How should we be thinking about that? Is that something that we should be concerned about?
Those are multi-year agreements that contributed significant step-ups in revenue in 2021, to a lesser extent 2020, but a certain amount of that. Those were two and three-year agreements, and in the nature of those renewals, we would expect that there'd be a big chunk of revenue recognized in the period in which those contracts are renewed. It's very hard to imagine how that they would not be renewed. That a company that had committed two or three years, to our technology, and they implemented it, in some cases, dozens or hundreds of chemists who've committed a hold, you know, one or more of their research sites, that they would not renew. Certainly all of the indications we're getting are that they will renew, and that's where some of the opportunities for expansion are.
If we look at the reporting, drug discovery business is kind of the collaborations and partnerships that you have. It's a different segment. It's one in which you've provided explicit revenue guidance,
Mm-hmm.
going back over the past 12 months or so. At one point it was, could exceed $100 million.
Yep.
It was then modified to $70 million-$90 million. Visibility around these things is constrained by the fact that you're not in control of the cadence of what's happening there.
Yep.
Talk to your confidence about the $70 million-$90 million that we've had updated. Any notable updates there?
Yeah. We're pretty confident about the $70 million-$90 million in the same way that we have been throughout the year. I mean, we, as you pointed out, we are challenged by ... You know, a program that we discovered, we partnered with a company, maybe that's then being downstream partnered with another company, and we're knocking on the door of a big pharma company saying, "Hey, when do you think you're gonna go into phase 2, or get POC data and trigger a milestone?" That's not always easy for a relatively small company. That's kind of the basis for that variability. There's still, you know, we reported $25 million in milestone revenue in Q1, that's an indication of the opportunity that exists in our collaboration that was with BMS.

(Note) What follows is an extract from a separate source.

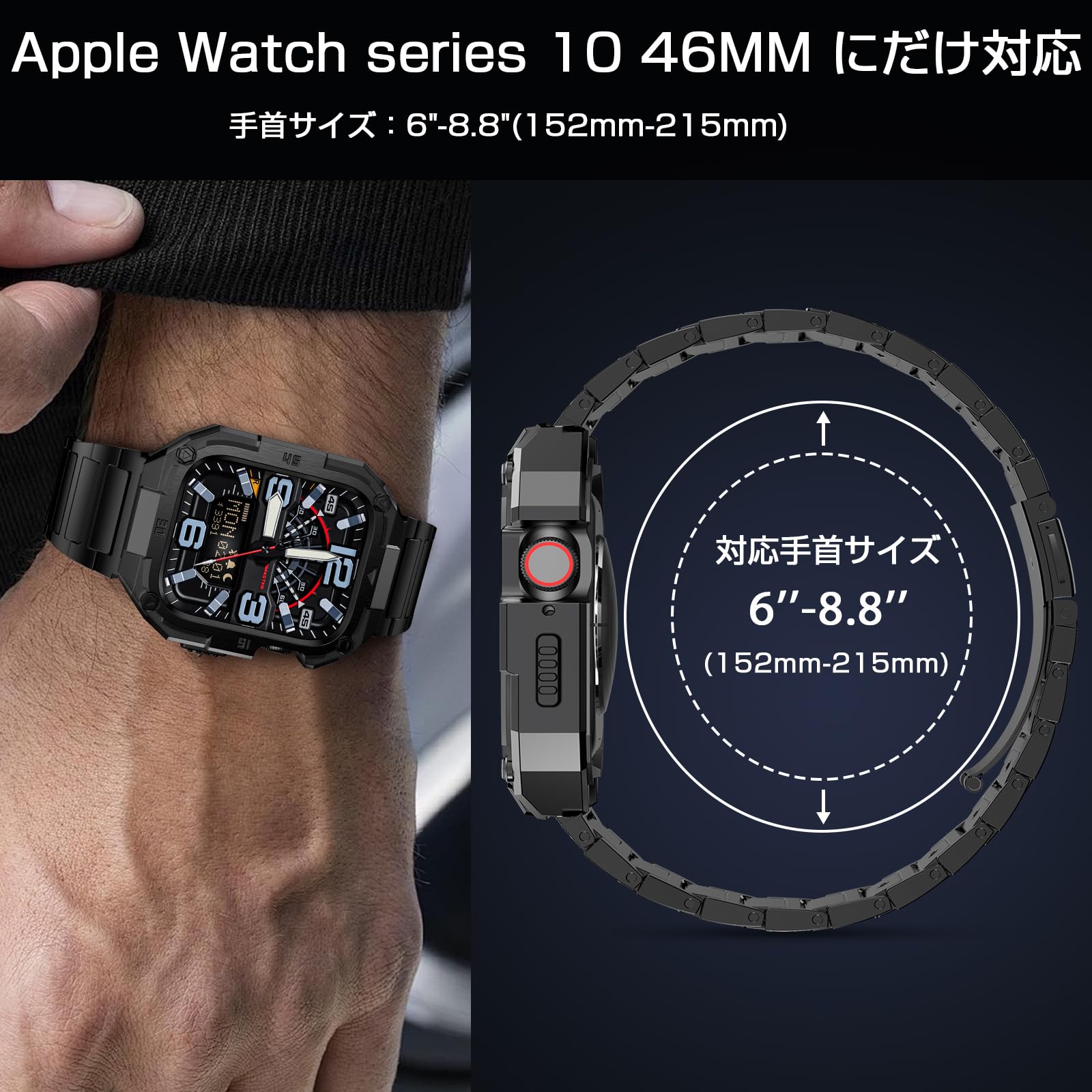 【対応機種&サイズ】このApple Watchステンレス一体型バンドはApple Watch Series 10 46mmに対応しています。手首サイズは15.2-21.5cmまで対応できます。(ご注意:手動測定のため、1-2㎜誤差はございます)

Again, we have to deliver those programs at that time point.
Turning to you, Karen, because I think when we think about Schrödinger's as an enterprise and the companies in this space, there are often these many parts. It's not a chimera. There's, like, three parts. There's, like, the service aspect of it, and then it's like, "Hey, let's eat our own cooking," right? "Let's come up with our own proprietary pipeline. Let's put someone who's been there and done that at the leading pharma companies." Your training, again, from that long form, just included so many fantastic mentors. Talk about your pipeline. We are at that actually really important, for this audience especially, inflection point, where we're.
Yes
... in the clinic. That is really kind of imaginal line for kind of people to care, right? Maybe start with strategy, because again, there's different philosophies about going this. It's like, "We have such a great tool, we can go after really difficult stuff," or, "We can have dearest biology, and we just have a better one." What's the philosophical guidelines around how you're shaping your proprietary pipeline?

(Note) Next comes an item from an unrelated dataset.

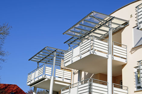 Schöne Aussicht haben Sie von unseren Balkonen, die sich elegant in das Gesamtbild des Hauses einfügen. Die Vielzahl an Gestaltungsmöglichkeiten wird abgerundet durch den Einsatz von Dekorblenden aus Vollkern - Kunststoffplatten, einem Licht- und witterungsbeständigem Material. Ein elegantes Geländer wirkt ganz entscheidend für das Erscheinungsbild eines Balkons. Unsere Geländer aus reinem Edelstahl oder Stahl lackiert, liefern wir mit geschmackvoll gestalteten Füllungen - je nach Design - aus Edelstahl.

Yes, certainly. When we describe our proprietary pipeline, it's really something that started about 5 years ago.
Mm.
That has included some programs that we've already partnered. These would be precision oncology targets, some what we call modality switches. These are drugs for targets that had biologics, for which we're now generating a small molecule, which provides potential for broader application, new indications, new populations. That proprietary pipeline in the initial phases, we actually partnered some of those programs with BMS, as we've described.
Mm.
as Jeff has described. We also began working on programs where we saw a really interesting opportunity to leverage initial validation of those targets that came from the clinic, but where the molecules potentially had liabilities, that we viewed our platform as being extremely powerful to address. That includes things like selectivity, time and target, potency, just overall pharmaceutical properties. We basically have identified a number of targets, some of which are disclosed, and as you mentioned, are entering the clinic now, and others that we haven't disclosed, where we see a very nice opportunity because of the human evidence and the validation around the target, but also the opportunity to design a fantastic molecule. Over the last 3 years, those molecules have started to emerge from the platform.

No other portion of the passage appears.